Mary Frances Gerety: A Gem in Ad Industry
In the late 1930s, diamonds were nowhere near as popular as they are today. Mary Frances Gerety worked as a copywriter at N.W. Ayer when De Beers jewelry company asked the agency to help them sell more rings. Frances Gerety happened to get placed on the account because she was a woman and selling rings made this campaign a so-called “female account.” With a single line—a diamond is forever— she helped De Beers sell millions of diamonds and significantly shaped engagement ring culture. Fun bonus: her famous line later inspired
Barbara Gardner Proctor: Barrier-Breaker and Self-Starter
Barbara Gardner Proctor entered the advertising industry when black people generally couldn’t get hired in advertising firms. She started out writing the copy on the back of Pinseol bottles. In 1969, Gardner Proctor was asked to work on an ad campaign that mocked the ongoing social justice marches. When she refused, her agency fired her. By the next year, she became the first black woman in the United States to found her own advertising agency. Formed from a combination of her married and maiden names (to give the impression of a male associate), she created Proctor & Gardner. Though she started without any capital or chief executive experience, she built her agency into a multimillion-dollar company and succeeded despite the advertising industry’s exclusionary culture.
Tarana Burke: Campaign-Leader and Conversation-Starter
Tarana Burke is most known as the founder of the “me too” Movement. Passionate about issues like housing inequality, racial discrimination, and economic injustice, Burke is a longtime activist and community organizer who started leading campaigns as a teenager. In her adult years, Burke shifted her focus to supporting women of color and the “me too Movement” was born to meet sexual abuse survivors with empathy when they share their stories. Burke’s movement became popularized in 2017 amidst the Harvey Weinstein sexual abuse scandal, with “#metoo” being used over 19 million times in one year—on just Twitter alone.
Helen Lansdowne Resor: The Woman Who Understood Women
Helen Lansdowne Resor worked as a head copywriter in the New York City J. Walter Thompson agency.
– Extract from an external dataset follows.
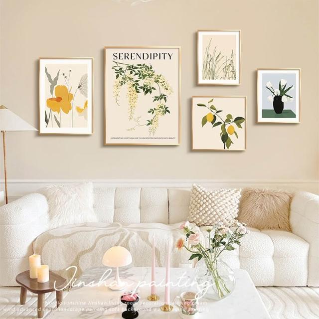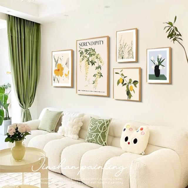 免運 油畫 開運風水畫 風景油畫 牡丹油畫 客廳掛畫 奶油風組合客廳掛畫藝術餐廳臥室畫客廳沙發背景牆裝飾畫2024新款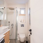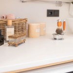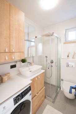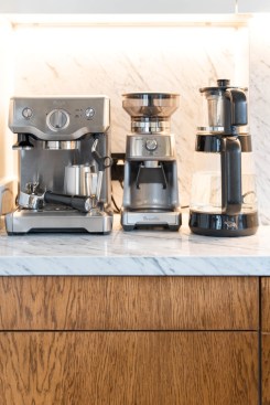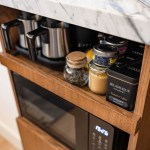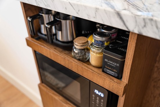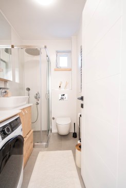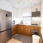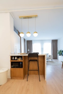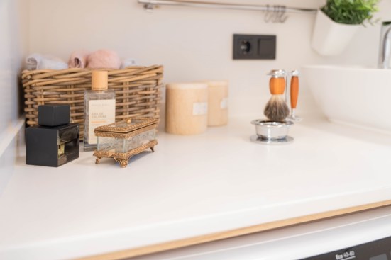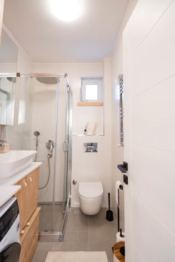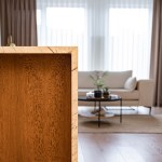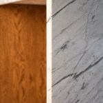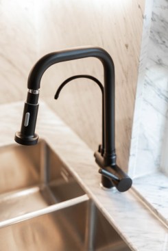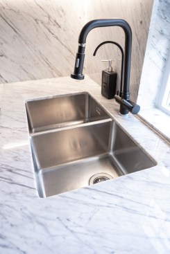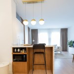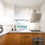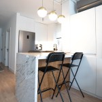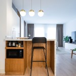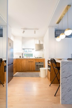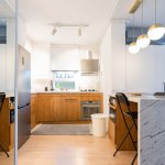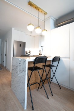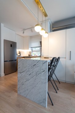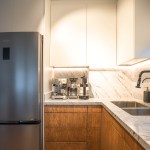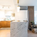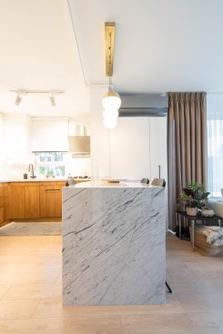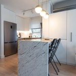 The kitchen was a separate area with the living room. The wall between the living room and the kitchen has been removed. In the old design, dinner table wasn’t able to use without moving it. The wall thickness was integrated into the design to make it more stable and useful and the dining table was solved by taking 25 centimeter from kitchen and 45 centimeter from living room. To use even five centimeter is important for narrow places and as we know this rule we tried to use all opportunities. The kitchen countertop is Carrera Marble and all the counter top folding style designed to the wall and counter top of dinner/bar table folded and waterfall design reached to floor.

There, she came up with the line, “A skin you love to touch,” to positional Woodbury Soap and its female consumer as sensual. In 1911, this line was both sensual and scandalous, and yet, the campaign led to a one-thousand-percent increase in Woodbury sales over the span of eight years. Lansdowne Resor also owned other advertising firsts like the popularizing the use of celebrity testimonials and being the first woman to plan and execute a national ad campaign. She and her husband also created the a women’s editorial department at J. Walter Thompson because they believed campaign success depended on women consumers and understood that there was no better than women to understand those consumers. By the next year, the women’s department was responsible for more than half of the agency’s earnings.
Beyond the Spotlight
The women featured in this piece are pioneers who showed the world what’s possible in a male-dominated field. They’ve also shown that advertising has the power to shape culture. It’s the reason we might see someone sporting an “I Heart NY” shirt even if they’re in Oregon—and have never been to New York. It’s the reason engagement rings have become synonymous with diamond rings. Advertising has the power to break barriers and start conversations. And with that power, comes… you know the rest.
It is our responsibility as advertisers to recognize the power we hold whether or not we intend to.
If you take one thing away from this piece, let it be that advertising can never truly speak to the masses if the industry itself does not reflect the very people it seeks to understand. And a true reflection is only possible when representation exists at all levels of organizational structure and beyond the seasonal spotlight.